- Release poster
- Directed by: Bill Burr
- Written by: Bill Burr; Ben Tishler;
- Produced by: Monica Levinson; Ben Tishler; Bill Block; Bill Burr; Mike Bertolina;
- Starring: Bill Burr; Bobby Cannavale; Bokeem Woodbine;
- Cinematography: Sean McElwee
- Edited by: Patrick J. Don Vito; Adriaan van Zyl;
- Music by: Christopher Willis
- Production companies: Miramax; All Things Comedy; All of Us Productions;
- Distributed by: Netflix
- Release date: October 20, 2023;
- Running time: 104 minutes
- Country: United States
- Language: English

= Old Dads =

2023 film by Bill Burr

Old Dads is a 2023 American comedy film directed by Bill Burr in his directorial debut, and he produced and co-wrote with Ben Tishler. It stars Burr, Bobby Cannavale, and Bokeem Woodbine.

After selling their business, three fathers find themselves out of step with the ever-changing world.

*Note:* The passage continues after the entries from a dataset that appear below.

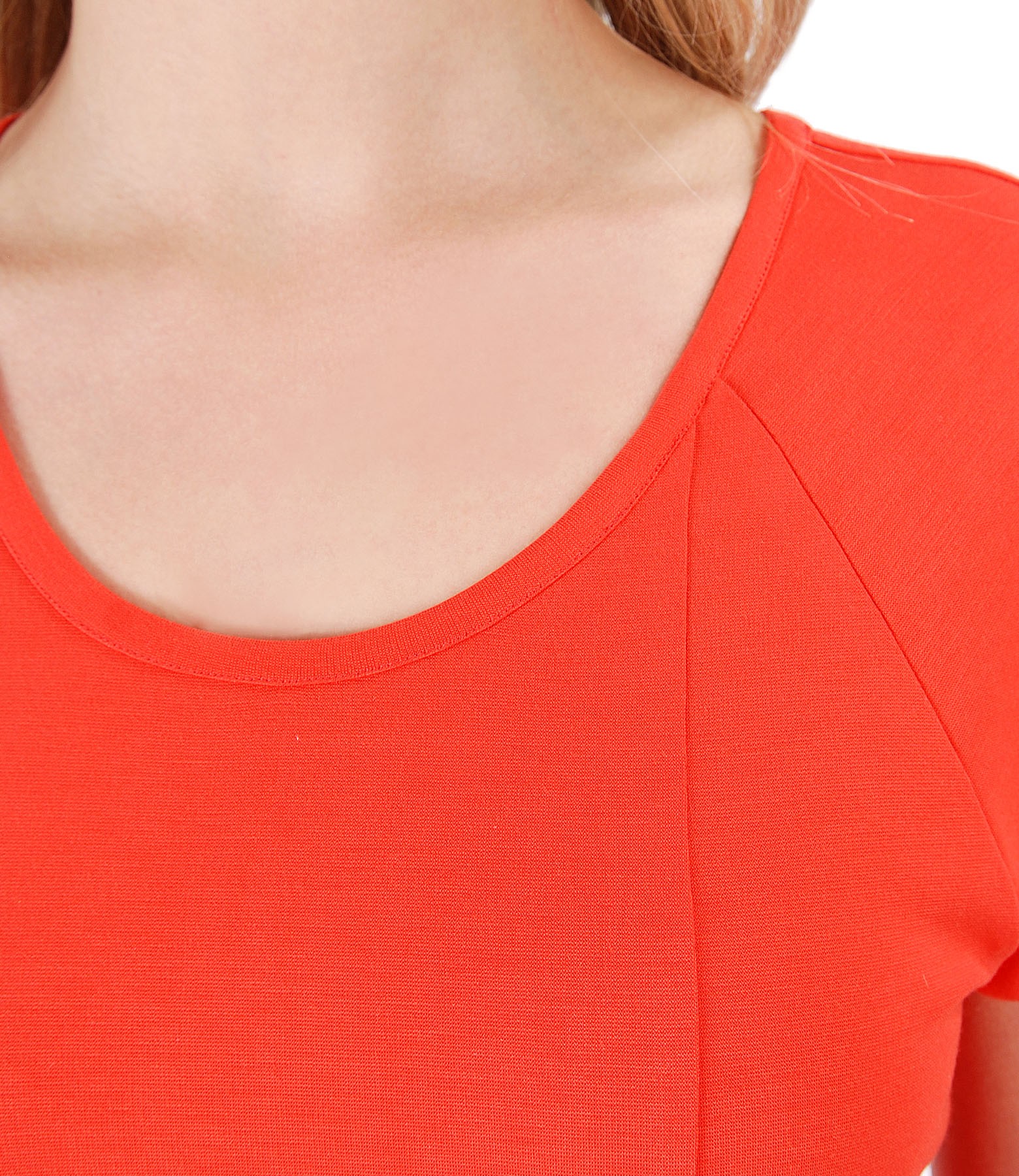 Casual dress, unlined , with short sleeves and veil pockets with rips band. Have no closing system.
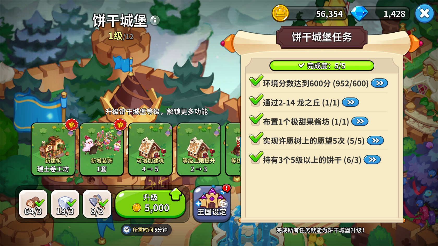 想要升級城堡,需要完成指定的任務以及達到指定的環(huán)境分數(shù)。
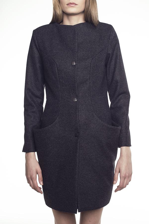 Płaszcz wełniany z bardzo wysokiej jakości wełny. Taliowany z bocznymi usztywnianymi kieszeniami, które formują sylwetkę. Długość przed kolano (w zależności od wzrostu). W wersji kolorystycznej grafit lub brąz. Zapiany na trzy napy. Z satynową chabrową podszewką. Ubranie zostało wyprodukowane w Polsce w sposób odpowiedzialny społecznie i zgodny z zasadami etycznej mody. Skład: wełna 81%, poliester 19%. Produkt do prania chemicznego w pralni.Czas oczekiwania na płaszcz: do 9 dni.
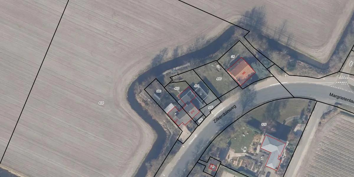 Gebruik de zoekbalk of klik op een perceel om informatie over het perceel te bekijken.
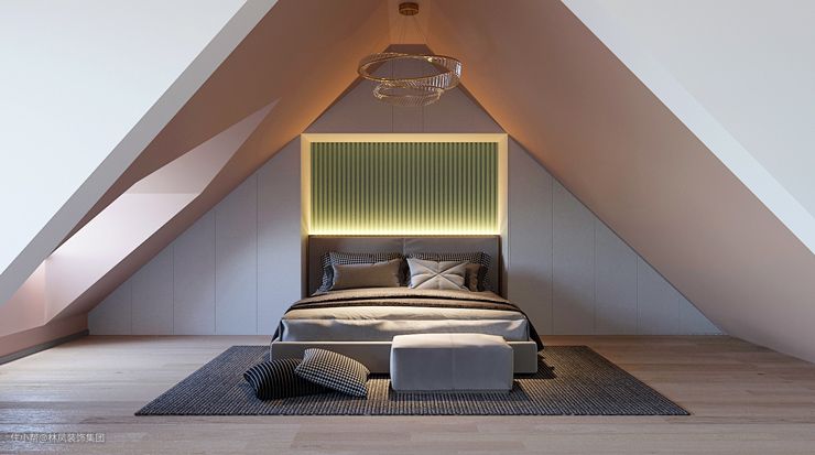 空间面积很大,由于是不规则尖顶造型,空间利用率不大,我们用一侧空间给男业主做了卧室,利用现有的造型特点。卧室整体刷漆,区域划分。床头均为木作格栅造型,长条的氛围灯使空间更温馨。
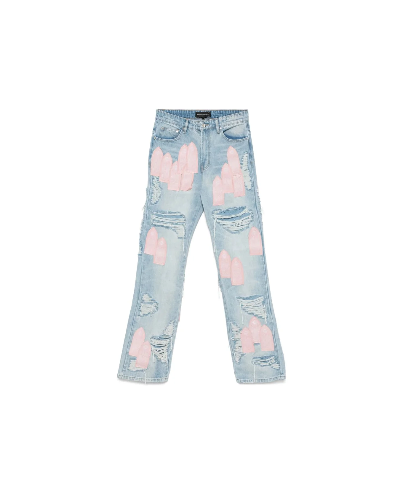 sky blue front button and zip fastening belt loops classic five pockets logo patch to the rear Made in: China Color: BLUE/PINK Model number: EASTERPINK
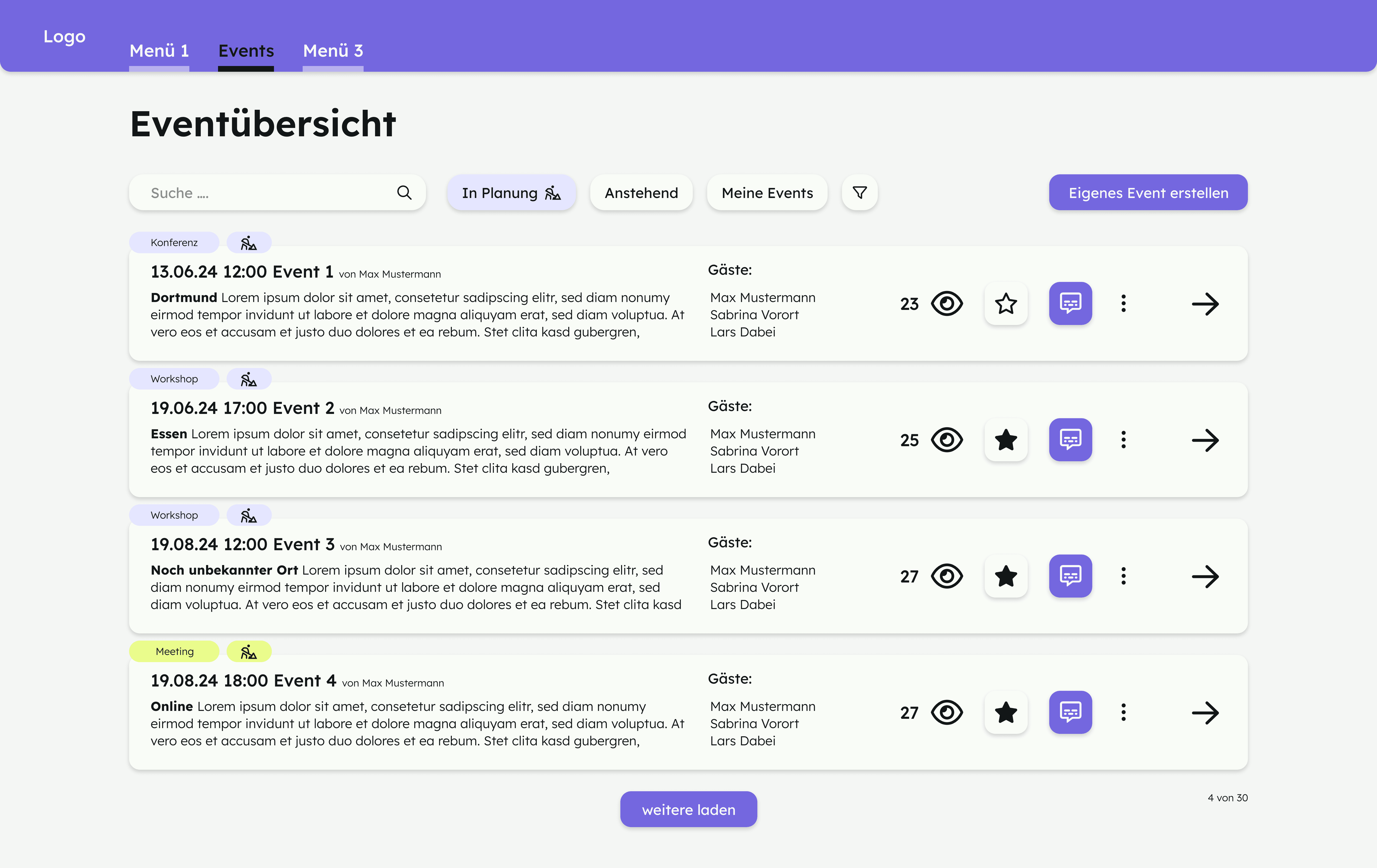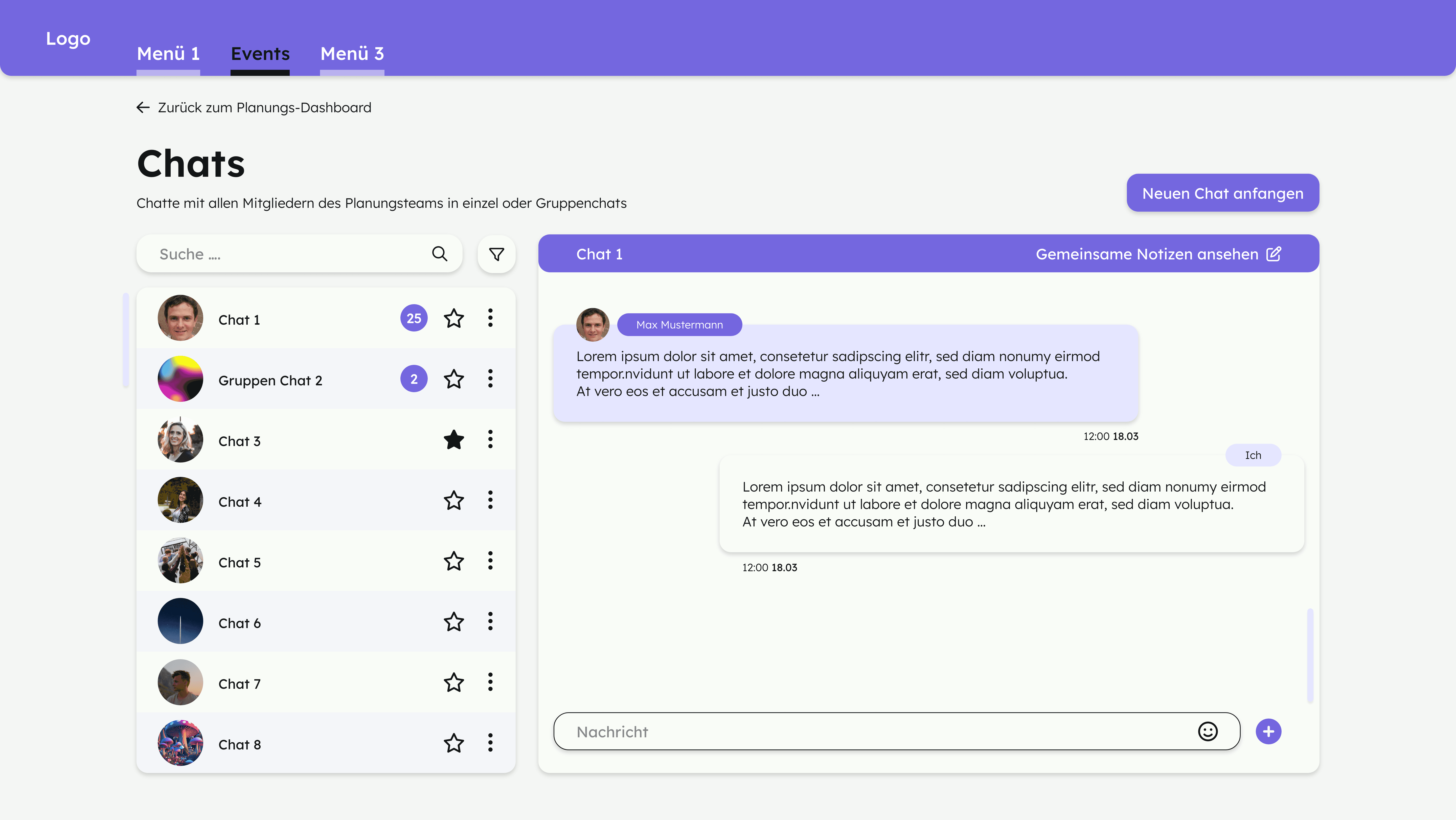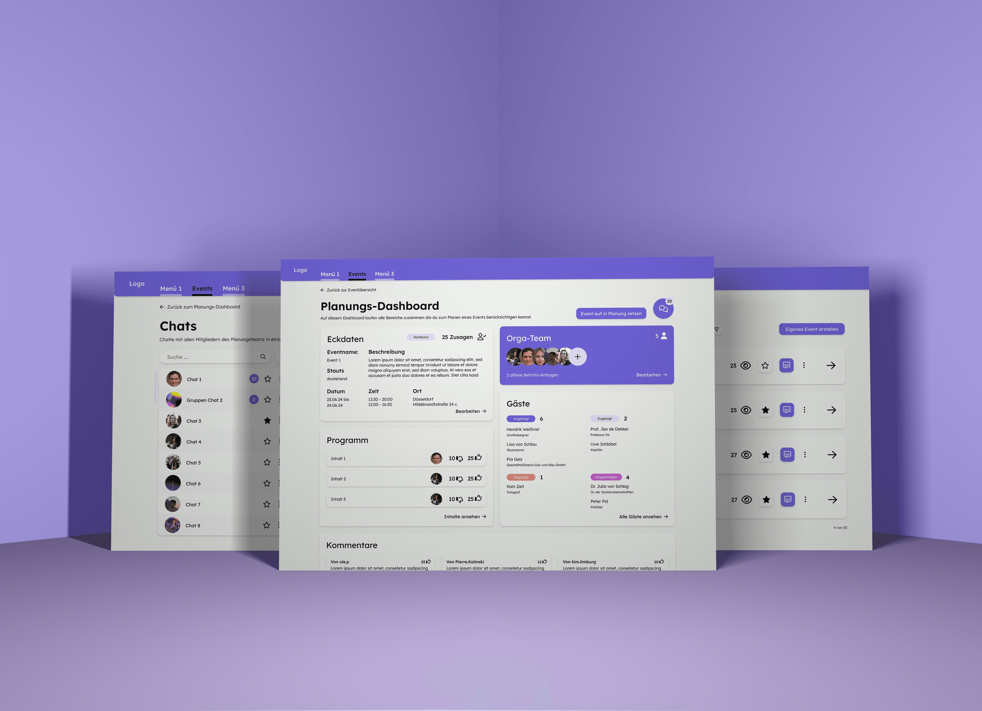 Das UI-Projekt sollte es dem Benutzer ermöglichen, einfach und unkompliziert Veranstaltungen zu planen. Die Herausforderung für den Benutzer besteht darin, interessante und aktuelle Themen zu finden und nicht nur von seiner eigenen Bubble beeinflusst zu werden. Dementsprechend soll er auch interessante Gäste und Referenten finden und einladen können.

The film was released by Netflix on October 20, 2023.

==Plot==

Jack Kelly, Connor Brody, and Mike Richards have been friends and colleagues for decades. Now in their late 40s, they struggle with the modern world and how they are expected to behave. For example, when Connor tries to get his son Colin to apologize for hitting people, his wife Cara reprimands him. Deciding to sell their business Trifecta to some millennials, while being kept on as employees, they are shocked when the hipster new boss Aspen fires everyone over 35 except them. Moving away from simply selling throwback team jerseys, the company is modernizing, becoming both gender- and carbon-neutral.

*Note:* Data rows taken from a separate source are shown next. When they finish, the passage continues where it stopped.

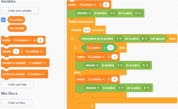 • A partir de l'observation de ces valeurs, faite de sorte que un appuie sur l'interrupteur change l'état de la lumière en fonction de la valeur renvoyée par le capteur de lumière de la pièce.
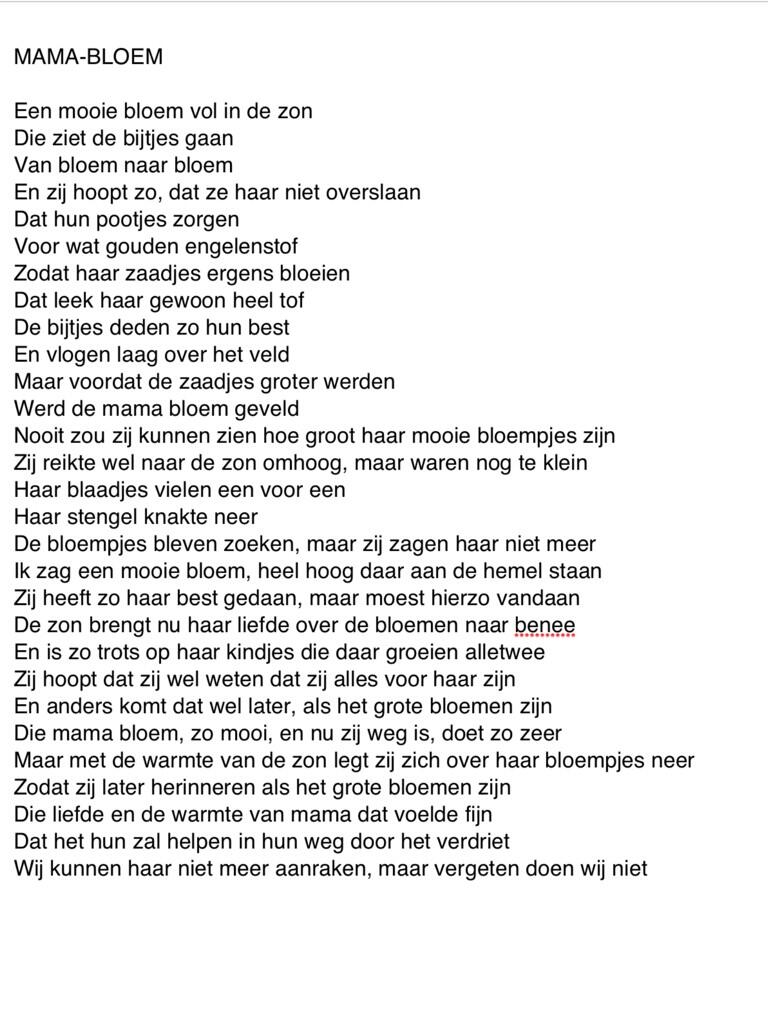 Afscheidsgedichten Sur Twitter Een Gedicht Voor Twee Kindjes Waarvan Hun Moeder Binnenkort Er Niet Meer Zal Zijn Mama Bloem Http T Co Nsqpv0thpc
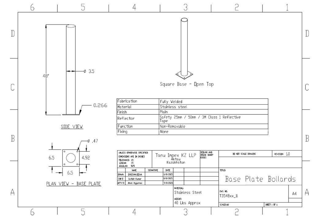 Usage: Base Plate Bollards are sturdy, vertical posts typically used for traffic control, security, and pedestrian safety. They serve as protective barriers to prevent vehicle access in sensitive areas, such as sidewalks, building entrances, and parking lots. Bollards are also used to guide traffic and mark boundaries without obstructing pedestrian movement. Tanu Impex Bollards are available in various designs that offer both functionality and aesthetic value, The Base plate bollards are commonly used indoors and on multi-floor installations where digging in the ground is not possible. This can be supplied open top, flat-top, or cape-top. When suppling open top, the customer can customize the cap to their choice including with cast and machined tops By default, these are shipped with a plastic cap.

Jack gets publicly chewed out by the director of his son Nate's pre-school for being two minutes late and responds with the coarsest of vulgarities. His wife, Leah, forces him to apologize, as a recommendation will be needed from her for private kindergarten admission, and she points out he has anger management issues. When Jack and Leah go to the school to apologize to the director, she makes him do it to the group of parents and kids. A few pinpoint the specifics that upset them, he apologizes for each. However, Leah points out Jack must continue to be on his best behavior for the next three months so the director gives Nate a recommendation.

Meanwhile, Mike, a divorced father of two adult sons, arrives home to a surprise. Although he has had a vasectomy, his young girlfriend Britney informs him that she is pregnant. Later, the three friends meet at the bar and Jack and Connor try to get him to look on the bright side.

As Jack has been asked to organize the school fundraiser, he and Connor are made to feel marginalized by the millennials. Then, the three friends are sent to find Ed Cameron, a man who has chosen to be off-grid since the 1980s, to convince him to represent the company. Travis, one of the young employees, accompanies them. As the old friends banter, he calls them misogynistic. Mike calls him out for his superior attitude, proving through his love of modern music that he is not always politically correct either. When they hit an armadillo, Ed comes to collect it.

Meanwhile, Leah comes across Cara. Colin walks up and hits her pregnant stomach. When she warns him, he blatantly punches it. Cara defends him and the women argue. At Trifecta, although the trio were successful recruiting Cameron, Aspen fires them as a hidden camera in the rental car caught their misogynistic banter. Even Travis is sacked, as his TV camera captured him singing strongly worded rap lyrics.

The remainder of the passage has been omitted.